Process variability is a critical concern in nanometer-scale CMOS, owing to random device fluctuations (dopant fluctuation, line-edge roughness) and also reticle and proximity effects, which have difficult-to-predict impacts on device characteristics. Traditionally, process variability is characterized by one of two methods: either individual devices with pads are characterized on an automated wafer stepper or a ‘silicon dense’ structure of ring oscillators is used to find correlations between frequency and variation. The first method provides high accuracy at the cost of large area overhead and low information throughput. The second method, although providing higher throughput, ‘integrates’ all the characteristics of multiple devices into one measured number dramatically reducing information content

Recent methods focus on multiplexed transistor arrays because they provide high-density access to multiple devices for characterization. In our work, we have been designing on-chip current-voltage (I-V) measurement circuits that allow for rapid characterization of a large, dense array of multiplexed devices, using a four-point Kelvin-measurement approach to eliminate the effects of switch resistances and allowing for current measurements with nA resolution. Additionally, we have developed a novel, gate-leakage-insensitive on-chip charge-based capacitance measurement (CBCM) technique for capacitance-voltage (C-V)

characterization with aF resolution. Our CBCM technique enables us to characterize individual devices with circuit-representative dimensions in 45-nm CMOS, while at the same time largely reusing the on-chip measurement infrastructure already available for I-V characterization.
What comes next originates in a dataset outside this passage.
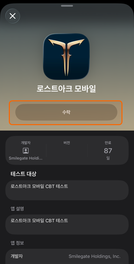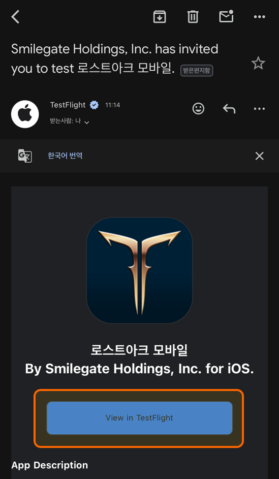 3. 초대 메일 내 View in TestFlight 버튼을 클릭하여 안내에 따라 순차적으로 로스트아크 모바일 CBT 앱을 다운로드합니다.

More importantly, our combined C-V/I-V characterization approach allows us to not only study the variability in both sets of characteristics at the individual device level, but also to examine the correlation between them. As a result, by simultaneously observing and correlating the variability in the two measured sets of transistor characteristics, we are better able to infer the underlying physical causes of device variability.

Random telegraph noise (RTN) has been another source of growing concern in modern deep-sub-micron CMOS technologies. RTN is caused by the trapping and de-trapping of individual charges near the MOS transistor channel-oxide interface, resulting in telegraph-like modulation of the transistor current, and is expected to increase in magnitude with reduction of device size, eventually overtaking other traditional sources of device variability, such as random dopant fluctuations. RTNOur on-chip I-V characterization approach is ideally suited for RTN characterization, as it allows relatively high-frequency (up to 100 KHz) current measurements with nA resolution on large statistical device sets. In our work, we have measured RTN noise in a low-power 45-nm process, and we have developed a characterization and statistical modeling methodology that allows us to capture the effects of RTN on transistor performance.

Related Publications

S. Realov and K. L. Shepard, “On-Chip Combined C-V/I-V Transistor Characterization System in 45-nm CMOS,” Symposium on VLSI Circuits, 2011.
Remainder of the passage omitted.